Most claims regarding health benefits of cherries focus on the tart cherries. They have higher concentrations of the anthocyanins that block enzymes associated with inflammation. They also rank higher than red wine, prunes, dark chocolate and orange juice in antioxidants.
That doesn’t mean sweet cherries are lacking in these benefits; they just aren’t as great. All cherries are a good source of vitamin C and fiber and a cup of sweet cherries has just 90 calories. Cherries also contain significant amounts of melatonin, which can help in regulating sleep and combat jet lag.
I like my cherries at room temperature so the chill doesn’t mask the flavor. For storage, however, it’s in the refrigerator. I take them out about 45 minutes before I intend to eat them.

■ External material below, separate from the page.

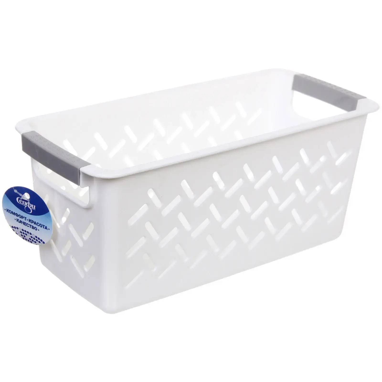 Выбирая эту корзину, вы получаете не только практичное решение для хранения, но и стильный элемент декора. Изготовленная из качественного пластика, она устойчива к повреждениям и легко чистится. Размеры 29х12.5х12 см делают её идеальной для размещения на полках, в шкафах или на столах. Серые ручки с текстурированной поверхностью обеспечивают надежный захват и удобство при переноске.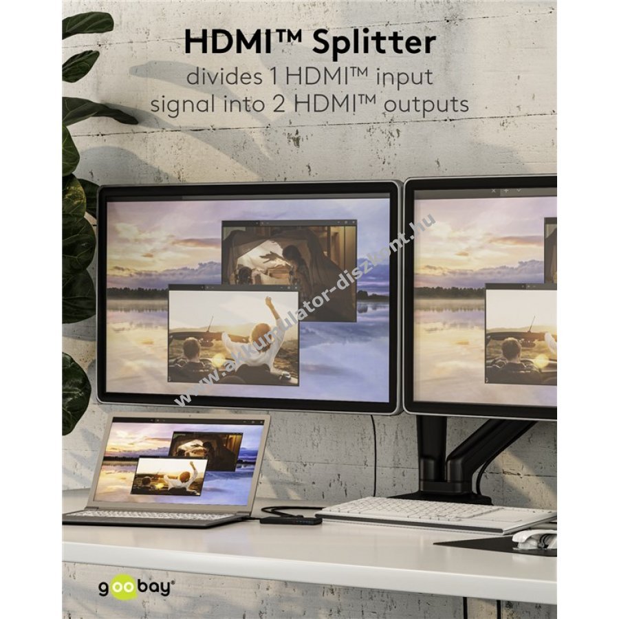 HDMI-splitter egy bemenet és két kimenet számára televízióhoz monitorhoz vagy projektorhoz.

Most super markets these days, and even some farmers’ markets offer cherries only in pre-packaged plastic bags. I prefer to find a bin full of loose cherries and pick through them myself.
I look for ones with fresh green stems and reject any that are soft or squishy or are bruised or have cuts. Bad cherries in a bin can start others down the road to degradation. So, if I find more than just a stray bad one or two I’ll walk on and find another place to buy my cherries.
I doubt that many people go to the market to buy cherries as health food any more than I leaned out that apartment window in Brooklyn or climbed those trees in Cherry Valley for that reason. It’s the taste that is the siren song that calls us back each spring and summer.
So don’t feel guilty when you sit in front of the television set or out on the patio this summer with a bowl of cherries beside you. How often do we find something that tastes so good and is healthy at the same time?